Last 4 December, SMC issued a statement that "currently, the Ilijan facility is on extended outage following the refusal of SPEX to supply the 70 petajoules in banked gas from Malampaya."
"Without a live contract, Malampaya gas cannot be sold legally to SPPC," the consortium reiterated.
"Diverting supply to Ilijan, which would be irregular and illegal without a contract, will result in depriving the other power producers with active contracts in the Luzon grid of natural gas," it explained.
Currently, the Malampaya gas-to-power plant supplies all of the natural gas used by the Luzon grid, including the supply to power generators with live and approved contracts.
Disrupting process
The consortium also belied claims that the Luzon power grid would be affected if the Ilijan power plant is not prioritized in Malampaya's banked gas allocation.
"If gas is supplied to Ilijan, the sum is the same. This will mean less supply to the other power plant customers," the consortium said.
"Diverting gas supply to Ilijan at this time would siphon off the supply from other power producers and worsen the power supply situation," it added.
The volume of gas from the Malampaya field, verified by the Department of Energy, is nearing maximum reserve drawdown. Thus, the supply covered by SC 38 "needs to be fairly distributed."
All banked gas that can be distributed should follow contract terms and there is no bank gas stored that belongs to SPPC or any other generation companies.
The consortium also noted that the "supply for the Ilijan power plant is under consideration as additional gas volume is extracted, if possible, following the extension of SC 38's license."
However, the claim of SPPC disrupts the process and delays the resolution that "would have provided for a win-win solution for all players in the business value chain of Malampaya."
Suspended contract
The 670-megawatt Power Supply Agreement between SMC Global Power and power distributor Manila Electric Co. was suspended based on a 60-day temporary restraining order obtained from the Court of Appeals.
The so-called restrictions in the natural gas supply were among the reasons that SMC cited for its petition for a rate increase that the Energy Regulatory Commission rejected since the regulator compelled SMC to follow the fixed pricing term in the deal.
To offset the impact of the PSA cessation, SMC offered the capacity of its Ilijan plant exclusively to Meralco.
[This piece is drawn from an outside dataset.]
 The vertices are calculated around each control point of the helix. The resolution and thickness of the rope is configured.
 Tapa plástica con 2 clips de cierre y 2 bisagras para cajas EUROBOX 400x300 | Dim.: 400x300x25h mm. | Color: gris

The Ilijan plant remains idle, however, since it is on an extended shutdown as it does not have a fuel supplier as it can't access the banked gas it bought, while its liquefied natural gas terminal project faced delays.
The company said that the offer to operate Ilijan will only cost Meralco a minimal P1 per kilowatt-hour in capital recovery fee, or half of its capital cost on the facility.
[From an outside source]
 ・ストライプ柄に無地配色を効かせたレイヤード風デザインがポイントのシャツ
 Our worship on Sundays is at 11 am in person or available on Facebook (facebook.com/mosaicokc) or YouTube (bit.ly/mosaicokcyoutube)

Various estimates, however, point to several hidden costs in the offer and putting them together will translate to a power rate of from P6 to P9 per kilowatt hour.
Since Ilijan is on an extended shutdown, without a fuel supplier, the offer could mean that Meralco would purchase the natural gas Ilijan needs.
SPPC bought from Psalm the banked gas meant for the Ilijan plant last June for $1.2 billion but First Gas already has the first crack at the Malampaya allocation for this year.
Nonetheless, a Meralco source said aside from the P1 capital recovery fee under the SMC offer, operations and maintenance will be around 30 centavos plus P5 for fuel or P6.30 per kilowatt hour "all in."